Después de la actuación en el Joventut tocó hacerlo para las fiestas de Gornal. En el día previo a la representación se vivió un capítulo algo negativo. Hubo un roce bastante fuerte entre dos compañeras y Quim tuvo que tomar cartas en el asunto. Una de las compañeras dijo que por no dejarnos tirados actuaría en Gornal, pero que ya no iba a actuar más.
A parte de este capítulo negativo, de la representación decir que no se como nos pudo salir bien, ya que estábamos en un espacio muy pequeño y no sabíamos donde colocarnos cuando no estábamos en escena, y a todo esto había que sumar que yo estaba padeciendo de lumbalgia y ciática... pero aún así conseguimos hacerlo y salió bien.
Las dos últimas actuaciones de “Un mal día” fueron en las fiestas de Bellvitge, y luego por Octubre en el centro cultural de Santa Eulalia.
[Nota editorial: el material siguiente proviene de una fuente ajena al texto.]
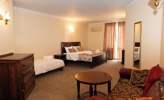 Отель неплохой, старый, древневековый мотив, но в ужасном запущенном состоянии, начиная от дверей входных, и заканчивая сантехникой, которая вся течет, в туалете всегда потеки воды,унитаз протекает,где-то снизу,душевой шланг брызжет во все стороны,невозможно мыться, горничные ходят кофе попивают, за 7 дней ни разу не зашли протереть пыль,и промыть пол,когда им сказали,они сразу напыжились,и готовы были порвать тебя за такое предложение, дали нам ведро и ванючюю тряпку,что б мы помыли пол сами,в баре когда позавтракаешь,посуду надо убирать самим туристам,ставить её на барную стойку,и протереть стол за которым ты отзавтракал,барменша очень невежественная,и грубая,на нас лаяла,как шавка, это были пытки для нас прийти на их ужасный,скудный завтрак, поэтому мы приняли решение завтракать в кафе,где были тебе рады и приветливы,хозяин Гурам,очень не простой и хитрый мужик,тоже может и закричать на туристов,если у него что либо потребуешь,типа того,почему горничные не заходят и не протирают хотя пол,вобщем никогда не селитесь в отеле Рикса 3*, я бы дала отелю 0*
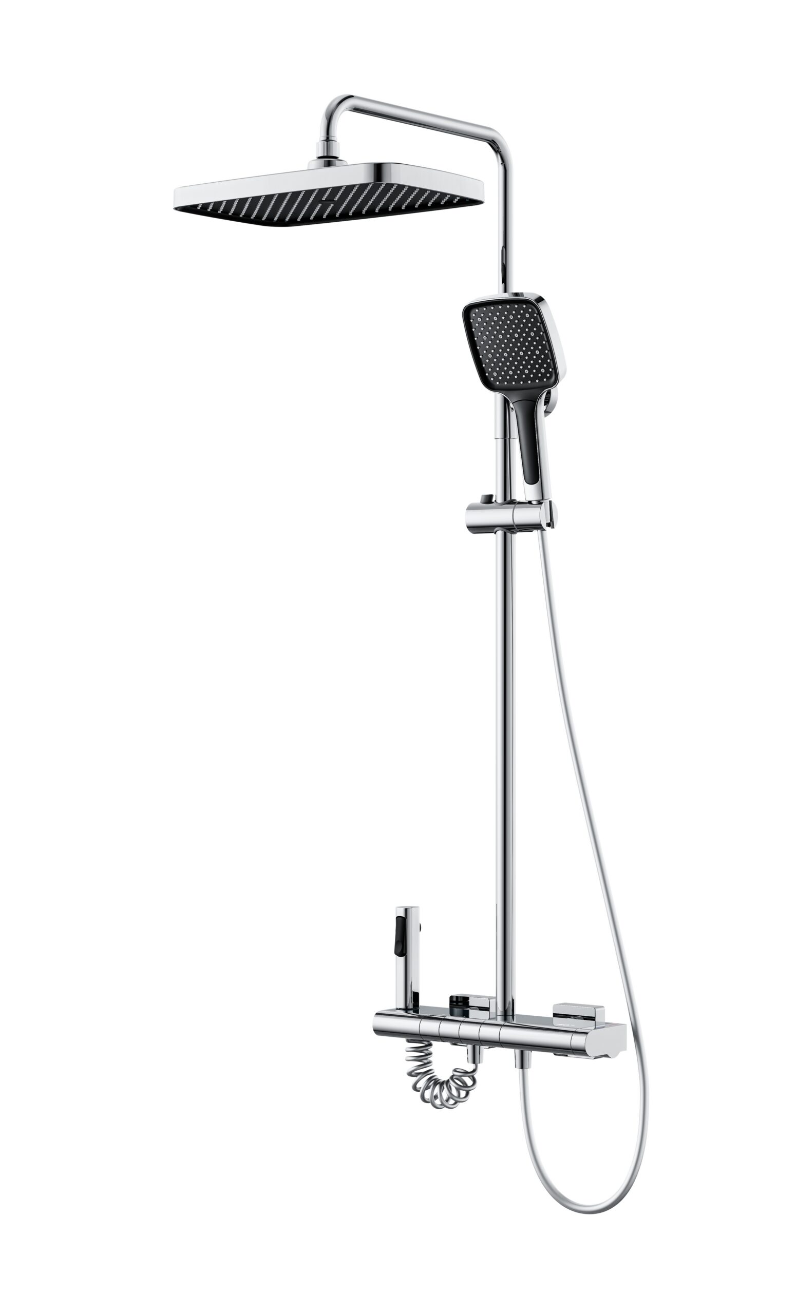 This thermostatic shower system combines a large rainfall showerhead, a handheld sprayer, and a visible digital temperature display for a safer and more enjoyable bathing experience. The thermostatic valve maintains stable water temperature, while the sleek wide control panel adds modern elegance and practical convenience. Crafted from solid brass with a premium chrome finish, it delivers durability, smooth control, and a luxurious shower feeling suitable for high-end bathrooms.
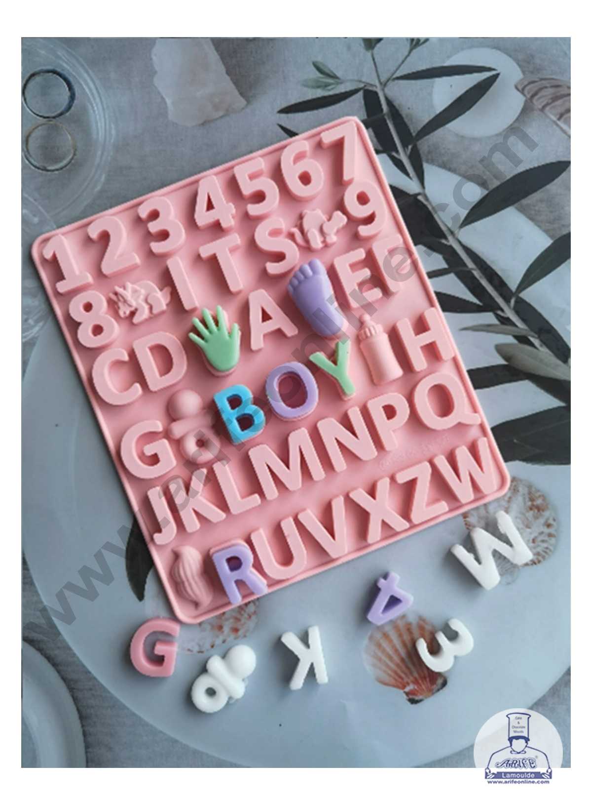 CAKE DECORβ’ 42 Cavity It’s A Boy Alphabet Number Shape Silicon Chocolate Mould | Baby Shower Theme (SBSM-873) Alphabet Number Shape Mould . Colour : As per the Availability . Silicon Moulds that are perfect as they do not crack easily as the plastic ones even while frozen. These Silicon moulds are fold-able & can…
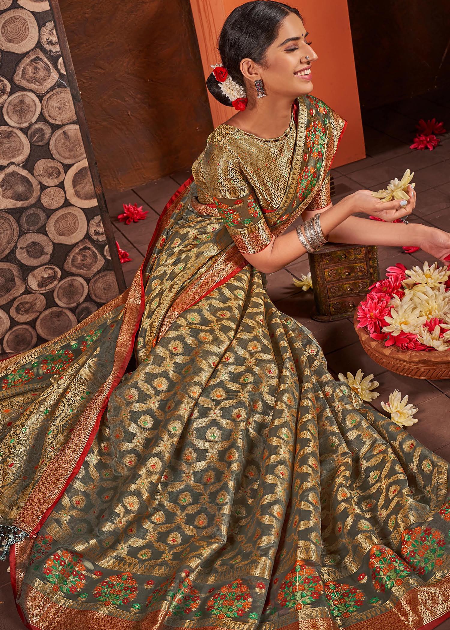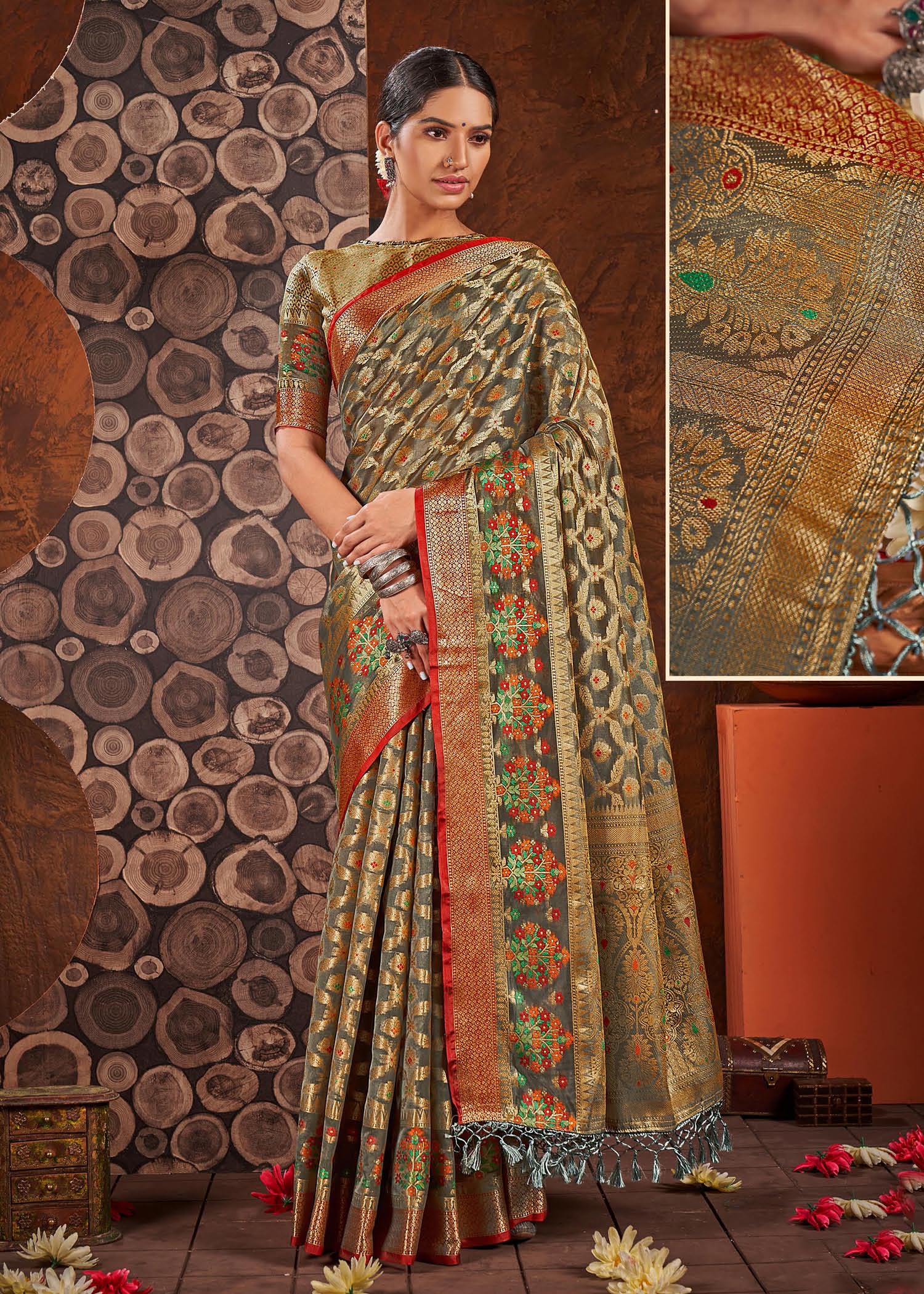 Dhiyona GR Women's Rashmika Dovetail Grey Zari Woven Design Banarasi Organza Saree
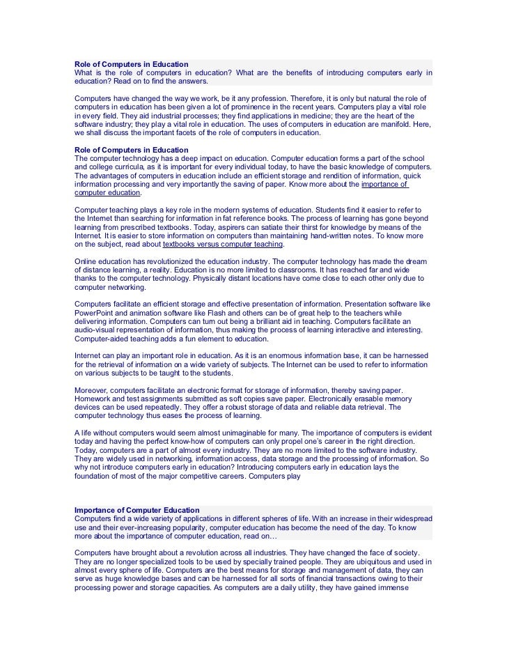 The Importance of Computer in Education Most of the tasks in this world get accomplished with the help of computers only and computers are used in literally. For example storage of volumes of information or took a lot of time to finish. Fields such as science writing composition mathematics and history all benefit from access to the Internet.
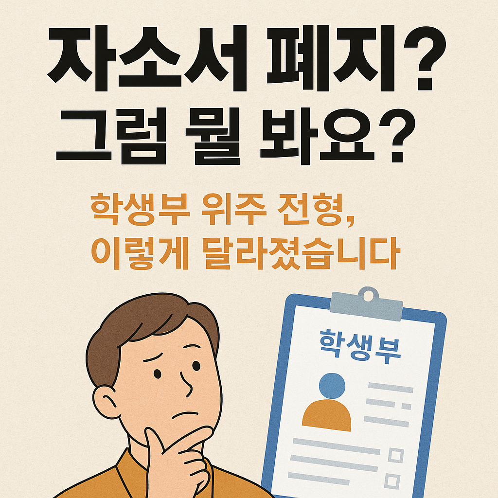 2024학년도부터 자기소개서가 공식적으로 폐지되었고, 2025학년도 이후부터는 학생부 중심 전형이 새롭게 재정비되는 상황입니다.
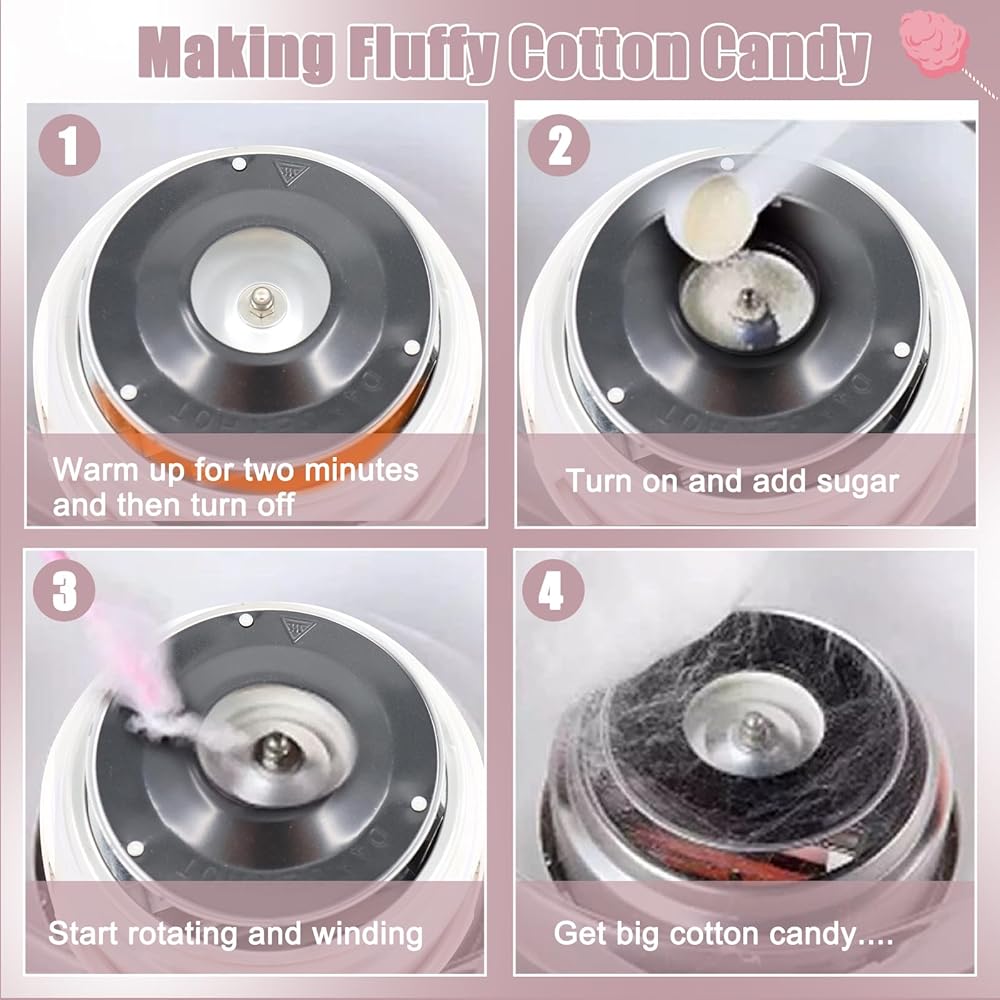 1. العملية الشرقية: فقط قم بتشغيل الطاقة، وانتظر بضع دقائق حتى تسخن، ثم اسكب السكر البودرة، ثم ابدأ في تدوير حلوى القطن، وستحصل قريبًا على حلوى قطنية لذيذة.
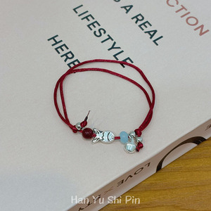 新中式手工编织铃铛小鱼情侣手链时尚简约可调节学生手绳送闺蜜
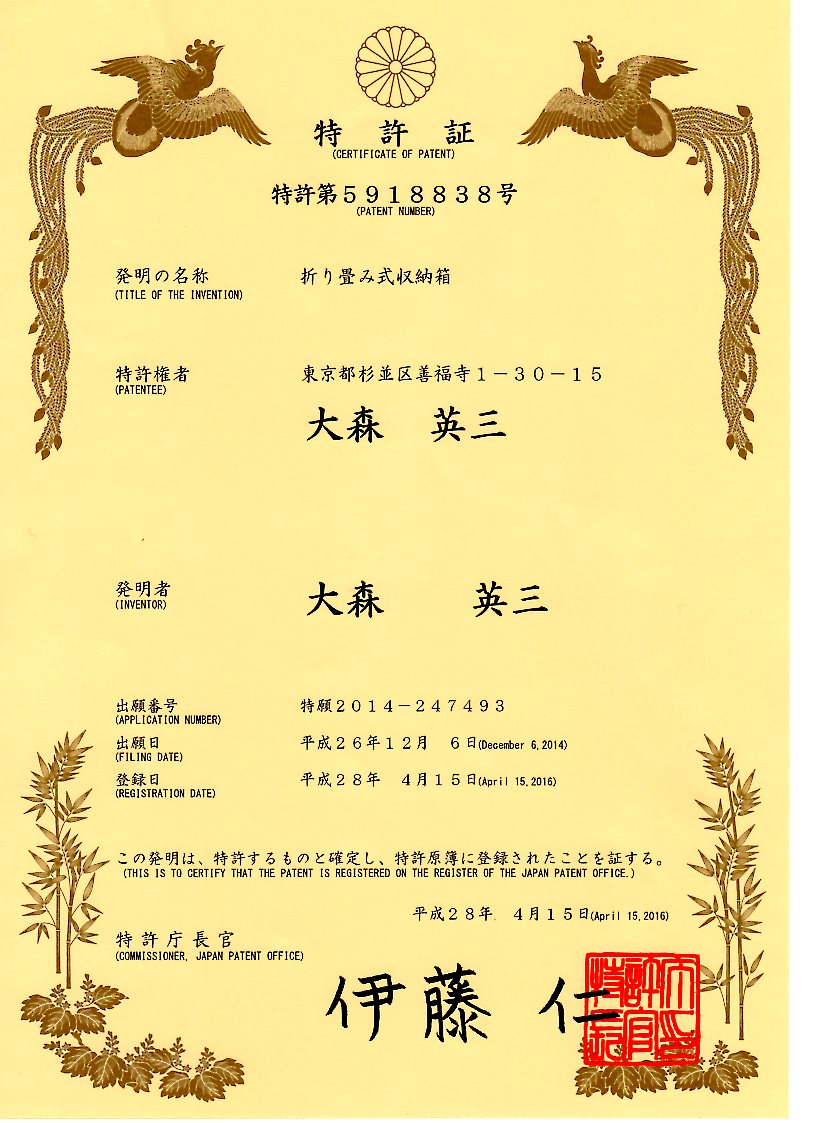 下記のとおり日本の特許を取得しました!
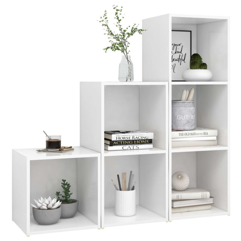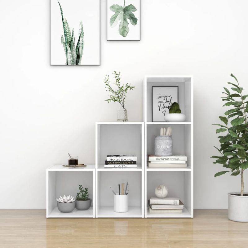 Комплект ТВ шкафове от 3 части, бял, инженерно дърво
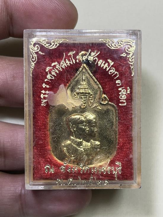 เหรียญพระราชพิธีสมโภชช้างเผือก3เชือก กะไหล่ทองเดิม พร้อมกล่อง
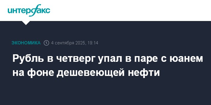 Рубль в четверг упал в паре с юанем на фоне дешевеющей нефти
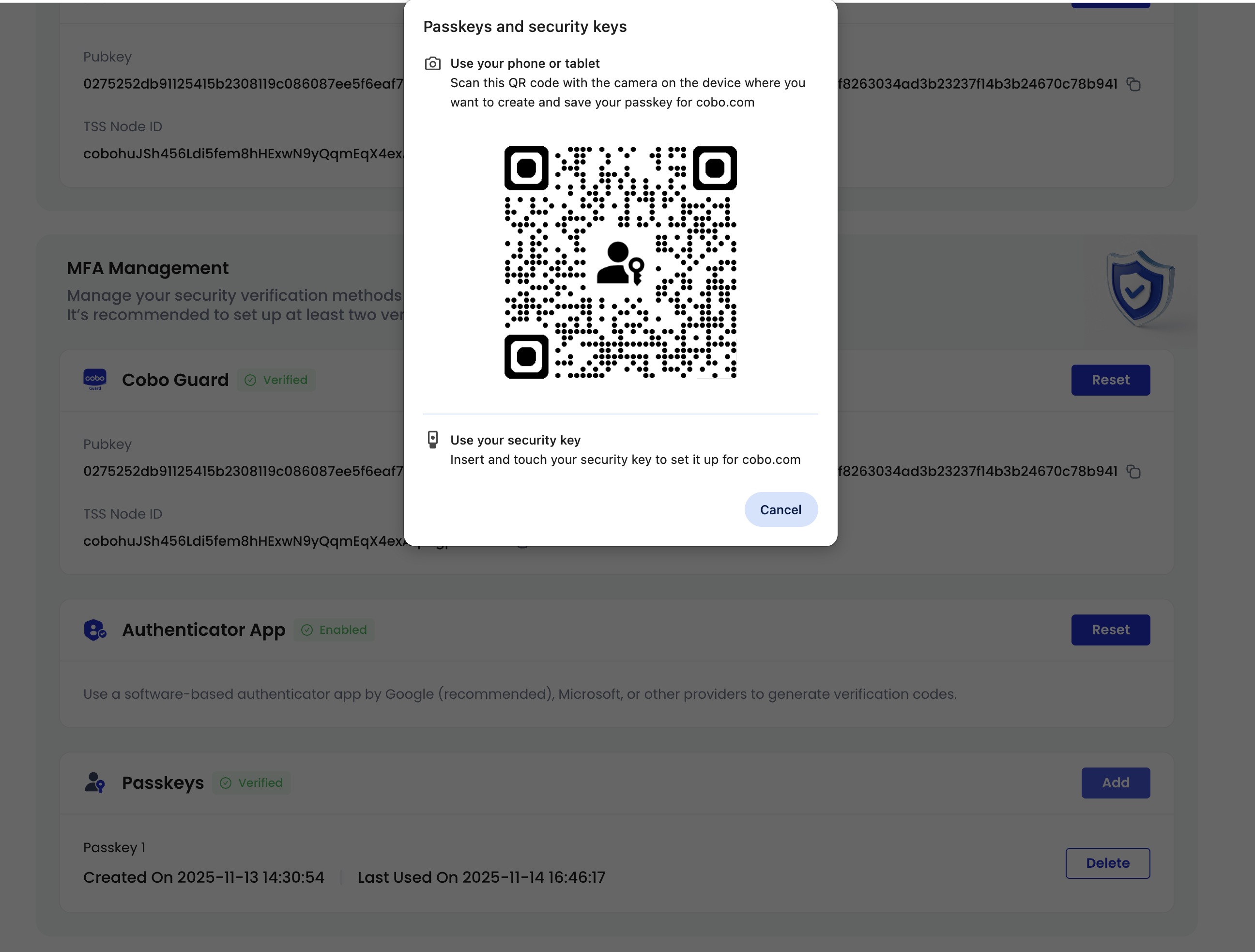 通行密钥是一种更简单、更安全的身份验证方案。创建通行密钥后,您可以通过指纹、面部识别或屏幕锁(PIN 码)或硬件进行 Cobo Portal 中各种活动的验证。您最多可以向您的 Cobo Accounts 添加 10 个安全密钥。
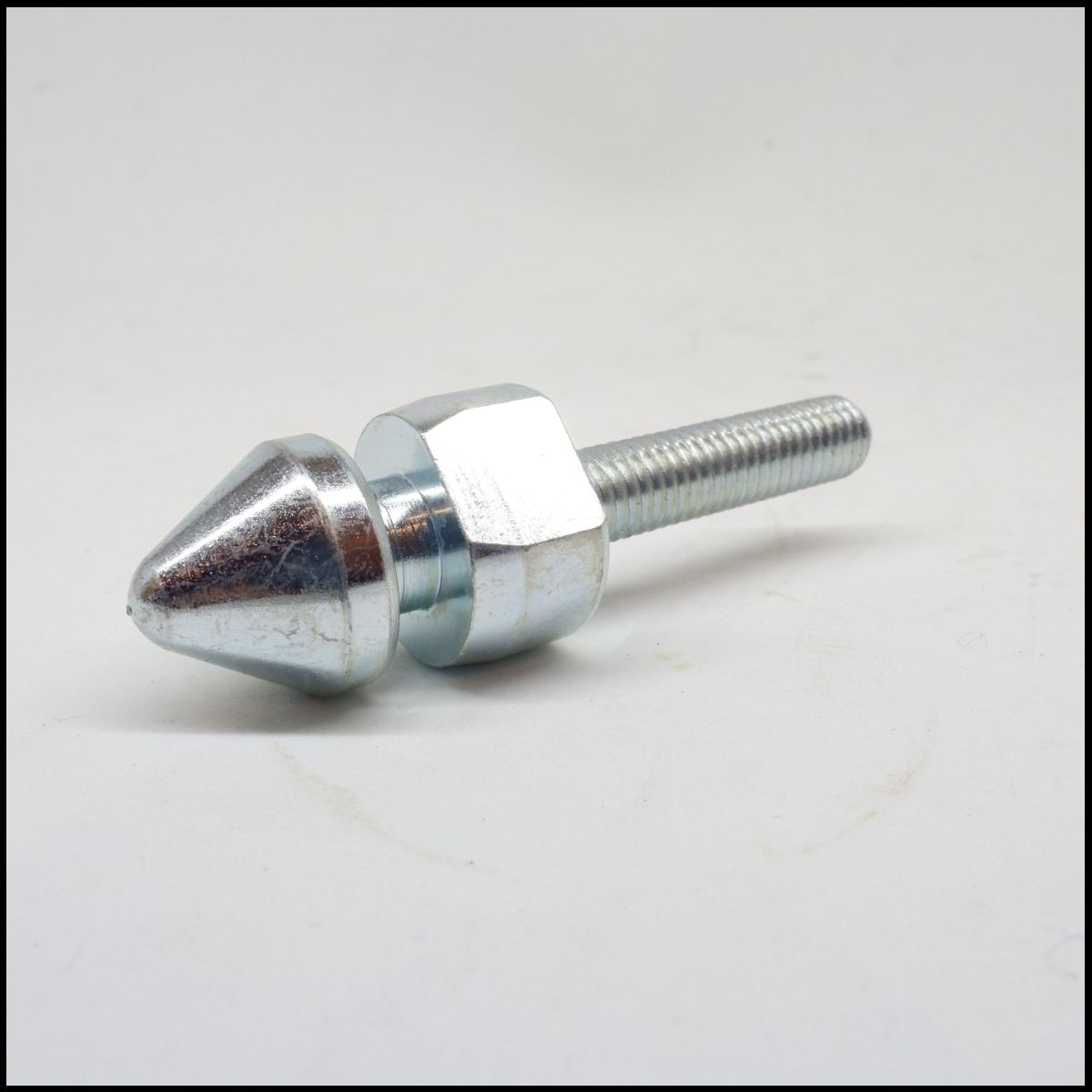 Parafuso metálico com porca e ponta cónica sobre fundo branco
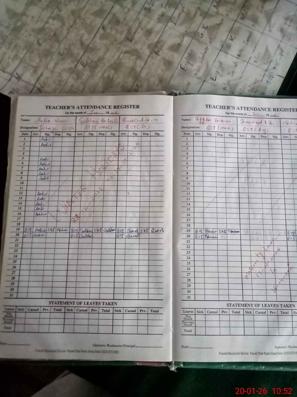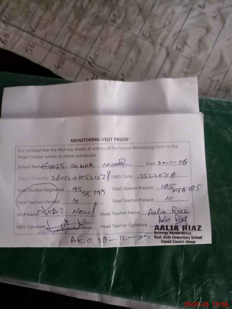 | Attendance Register | Head Teacher | MEA with School | Visit Proof |

Así que esta fue mi primera actuación verdadera. Yo ni me lo esperaba que tendría un papel principal y mucho menos que me saliese tan bien; con lo que ya estaba esperando como loco para poder volver a actuar.
El reparto de “Un mal día” fue. Juan: Iván Boada; Ramona: Esther González; Pepito: Raül Toril; Paola: Marisa Medina; Roberto: Domingo Moreno; Celeste: Sara Prados; José: Quim Portero; Claudia: Marisa Medina; Carlota: María José Ramos; Estefanía: Olaya Lourdes Checa; Ladrón 1: Marisa Nogueira; Ladrón 2: Rafa Boluda; Policía: Amanda Fernández / Óscar Boix.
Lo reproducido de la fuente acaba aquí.